Directions ▸
The listing below must be repeated word for word, with its images excluded.

Supplied data ▸
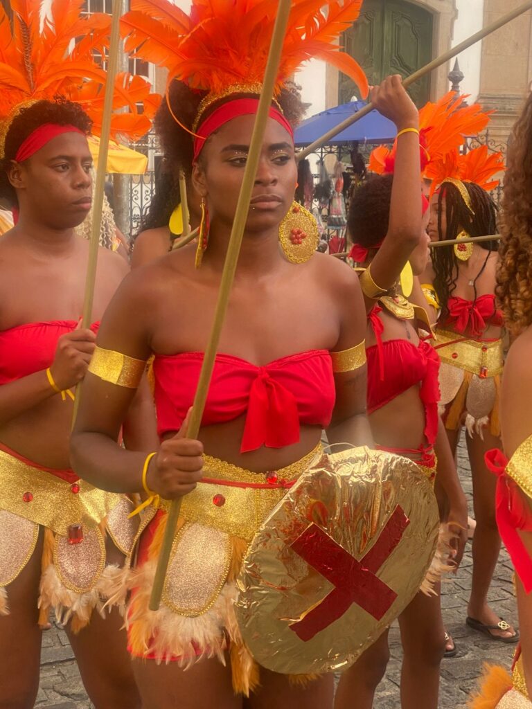 O tema “AOSHI – Guerreiras de Daomé” é particularmente potente. Trazer a história das Ahosi (as famosas Amazonas de Daomé) para as ruas do Centro Histórico não é apenas estética; é um resgate histórico profundo sobre a força militar e política das mulheres negras.
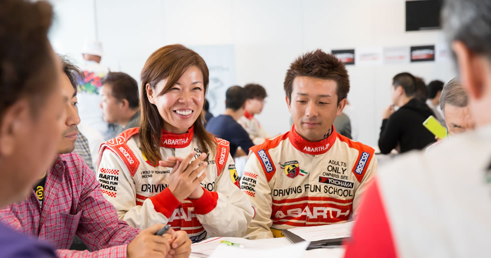 「はい。BASEクラス(初心者クラス)は、そういう人のためのものでもあるんです。最近、女性の参加者も少しずつ増えてきてるんですよ。奥さんと旦那さんのふたりでABARTHに乗っていらして、今日は奥さんが参加する日、次は旦那さんが参加する日、っていう御夫婦もいらっしゃいます。サーキットを走って得られることって、街中の運転にも役立つんですよね。例えばフルブレーキングなんて普通なら余程のことでもないと体験しないものだけど、サーキットでは安全に試せます。それがどれだけ危険回避に役立つことか。気持ちにも走り方にも余裕が生まれます。でも、何よりサーキットならABARTHの楽しさをもっともっと深く知ることができるし、新しい貌を見ることもできます。ABARTHのような素晴らしく楽しいクルマを所有するのなら、絶対に体験しないと損です(笑) スポーティな走らせ方をサラリとこなせる女性が、もっともっと増えたらいいのになって思いますね。」
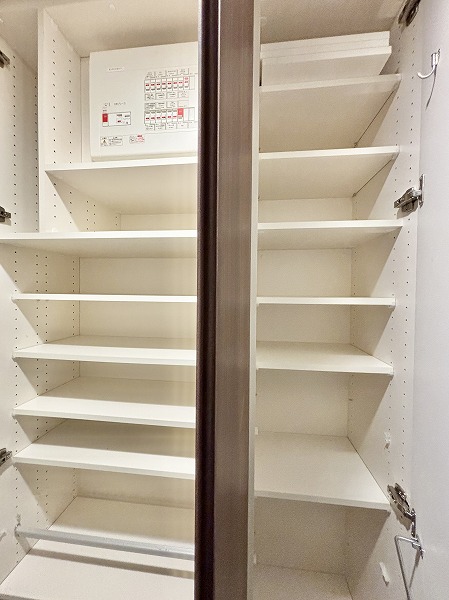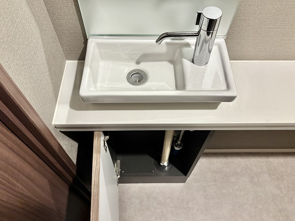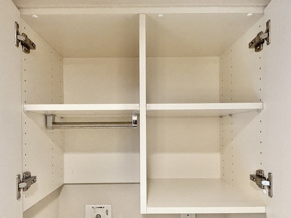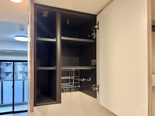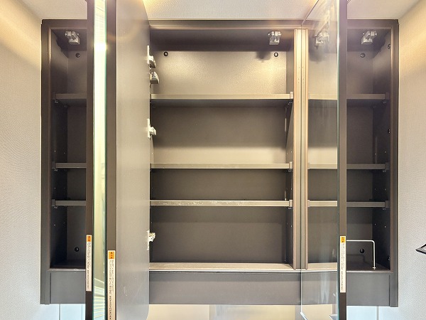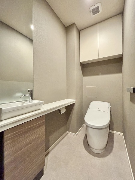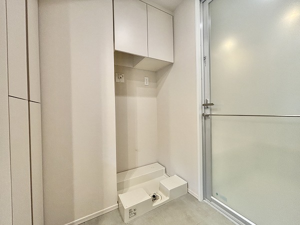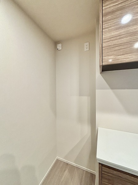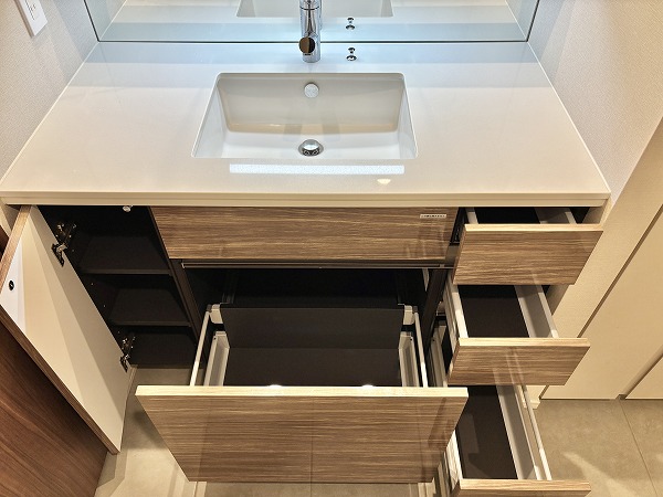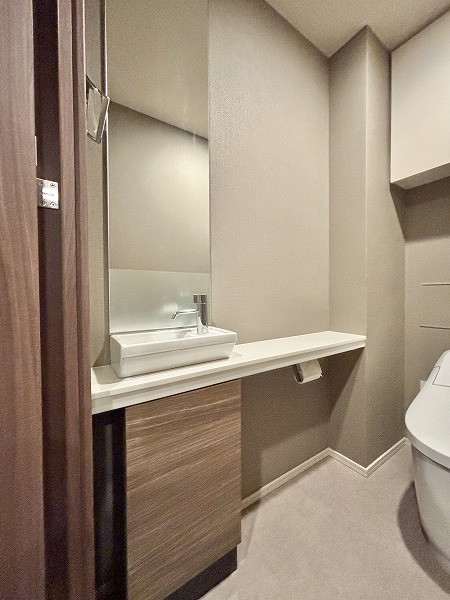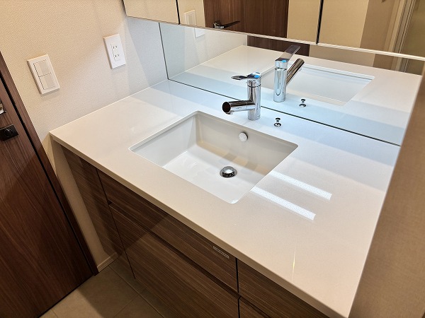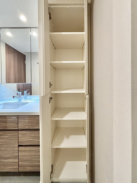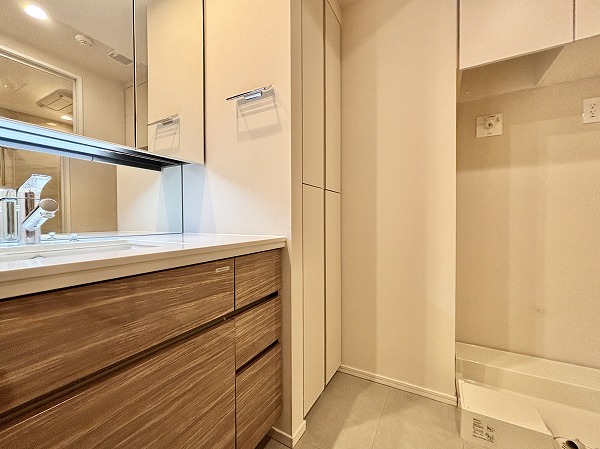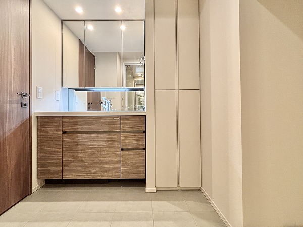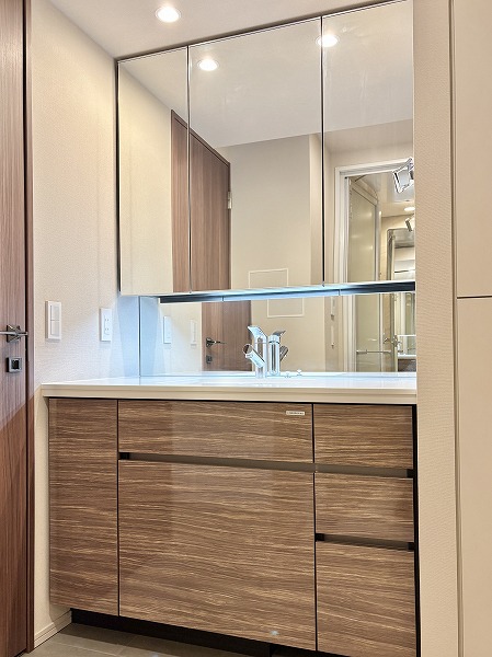 パウダールームは玄関右手にあり、ご帰宅後すぐに手を洗うことができます。白とブラウンを基調とした明るい空間。洗面化粧台には天井まで届く大きなミラーが。これなら背の高い方も屈まずにお顔や髪型をチェック可能です。

Result for this exercise ▸
 O tema “AOSHI – Guerreiras de Daomé” é particularmente potente. Trazer a história das Ahosi (as famosas Amazonas de Daomé) para as ruas do Centro Histórico não é apenas estética; é um resgate histórico profundo sobre a força militar e política das mulheres negras.
 「はい。BASEクラス(初心者クラス)は、そういう人のためのものでもあるんです。最近、女性の参加者も少しずつ増えてきてるんですよ。奥さんと旦那さんのふたりでABARTHに乗っていらして、今日は奥さんが参加する日、次は旦那さんが参加する日、っていう御夫婦もいらっしゃいます。サーキットを走って得られることって、街中の運転にも役立つんですよね。例えばフルブレーキングなんて普通なら余程のことでもないと体験しないものだけど、サーキットでは安全に試せます。それがどれだけ危険回避に役立つことか。気持ちにも走り方にも余裕が生まれます。でも、何よりサーキットならABARTHの楽しさをもっともっと深く知ることができるし、新しい貌を見ることもできます。ABARTHのような素晴らしく楽しいクルマを所有するのなら、絶対に体験しないと損です(笑) スポーティな走らせ方をサラリとこなせる女性が、もっともっと増えたらいいのになって思いますね。」
 パウダールームは玄関右手にあり、ご帰宅後すぐに手を洗うことができます。白とブラウンを基調とした明るい空間。洗面化粧台には天井まで届く大きなミラーが。これなら背の高い方も屈まずにお顔や髪型をチェック可能です。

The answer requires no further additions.